| Type: | Package |
| Title: | Riemannian Statistics for Dimensionality Reduction and Visualization |
| Version: | 0.1.1 |
| Description: | Provides tools for applying statistical methods on Riemannian manifolds using local geometry derived from Uniform Manifold Approximation and Projection (UMAP). The package enables dimensionality reduction, visualization, and analysis of complex data through Riemannian versions of principal component analysis and related multivariate methods.

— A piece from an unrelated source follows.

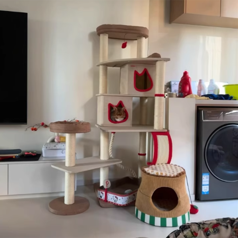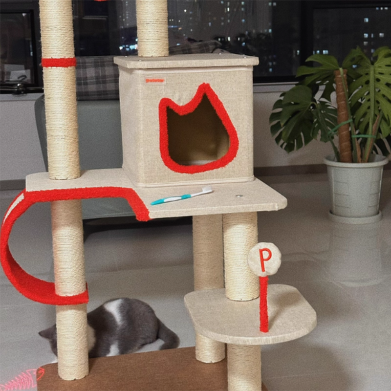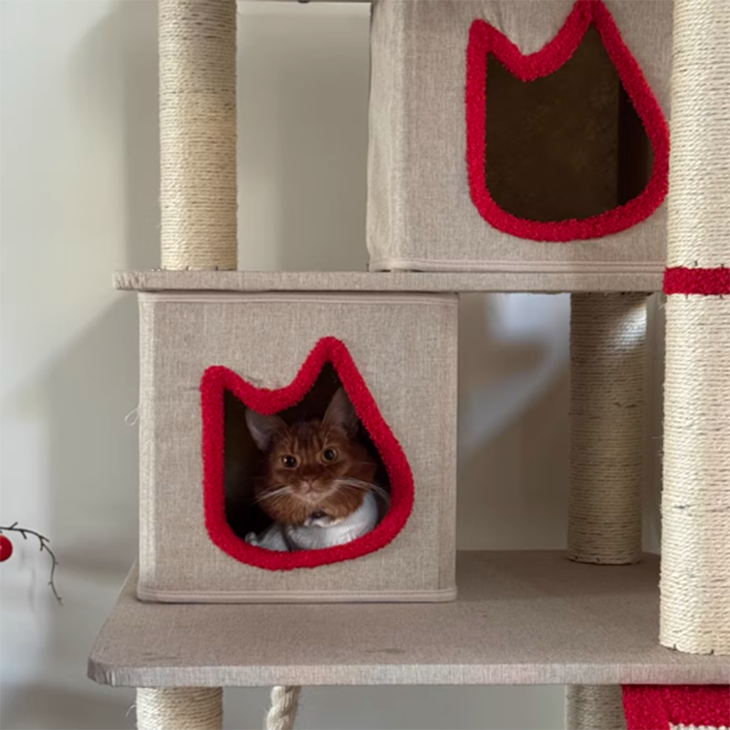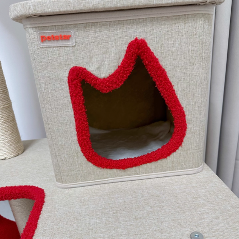 Engineered with "Multi-Cat Dynamics" in mind, the Ruby Peak is a powerhouse of stability and function. The reinforced modular frame supports a total weight of 20 kg (44 lbs), making it the perfect playground for households with multiple cats (ideal for individual cats under 10 kg). Each level is strategically designed to offer a "3-in-1" experience: high-altitude perches for observation, rugged sisal-wrapped zones for healthy scratching, and velvety-soft platforms for deep recovery sleep. This is the premier choice for shoppers seeking sturdy multi-level cat towers, space-saving square cat trees, bold red and white pet furniture, and durable scratching posts for active multi-cat homes.

Methods are based on McInnes et al. (2018) <doi:10.21105/joss.00861>. |
| License: | BSD_3_clause + file LICENSE |
| Encoding: | UTF-8 |
| Language: | en-US |
| Depends: | R (≥ 4.1) |
| Imports: | rlang, ggplot2, ggrepel, grid, uwot |
| Suggests: | scatterplot3d, plotly, testthat (≥ 3.0.0), knitr, rmarkdown |
| Config/testthat/edition: | 3 |
| VignetteBuilder: | knitr, rmarkdown |
| Config/roxygen2/version: | 8.0.0 |
| NeedsCompilation: | no |
| Packaged: | 2026-07-08 16:34:20 UTC; r3291508 |
| Author: | Oldemar Rodríguez Rojas [aut, cre], Jennifer Lobo Vásquez [aut] |
| Maintainer: | Oldemar Rodríguez Rojas <oldemar.rodriguez@ucr.ac.cr> |
| Repository: | CRAN |
| Date/Publication: | 2026-07-17 13:20:02 UTC |
Plot a Riemannian Biplot
Description
Generates a biplot showing individuals on the principal plane and variables as arrows projected onto the same component space.
Usage
riem.biplot(
data,
components,
correlations,
clusters = NULL,
explained.inertia = 0,
title = "",
var.scale = NULL,
point.size = 2,
alpha = 1,
show.ind.labels = TRUE,
show.var.labels = TRUE,
ind.label.size = 3,
var.label.size = 3,
arrow.size = 0.4,
var.color = "red",
interactive = FALSE
)
Arguments
data |
A data frame containing the original data. Row names are used as individual labels and column names are used as variable labels. |
components |
A matrix or data frame containing at least two components. The first two columns are used to represent individuals on the principal plane. |
correlations |
A matrix or data frame containing the correlations between variables and components. The first two columns are used to draw the variable arrows. |
clusters |
Optional vector of cluster labels used to color individuals according to the cluster they belong to. |
explained.inertia |
Numeric percentage of inertia explained by the plotted components. Defaults to '0'. |
title |
Optional character string added above the default title. |
var.scale |
Numeric scaling factor for variable arrows. Defaults to 'NULL', which automatically scales arrows to the individual plane. |
point.size |
Numeric size of the points. Defaults to '2'. |
alpha |
Numeric transparency value between 0 and 1. Defaults to '1'. |
show.ind.labels |
Logical. If 'TRUE', displays individual labels. Defaults to 'TRUE'. |
show.var.labels |
Logical. If 'TRUE', displays variable labels. Defaults to 'TRUE'. |
ind.label.size |
Numeric size of individual labels. Defaults to '3'. |
var.label.size |
Numeric size of variable labels. Defaults to '3'. |
arrow.size |
Numeric line width for variable arrows. Defaults to '0.4'. |
var.color |
Character string indicating the color of variable arrows and variable labels. Defaults to '"red"'. |
interactive |
Logical. If 'TRUE', returns an interactive 'plotly' plot. If 'FALSE', returns a static 'ggplot2' plot. Defaults to 'FALSE'. |
Details
The biplot combines two types of information: the position of the individuals on the first two Riemannian components and the contribution of the variables represented as arrows. This allows the user to explore both the structure of the observations and the relationship between variables and components.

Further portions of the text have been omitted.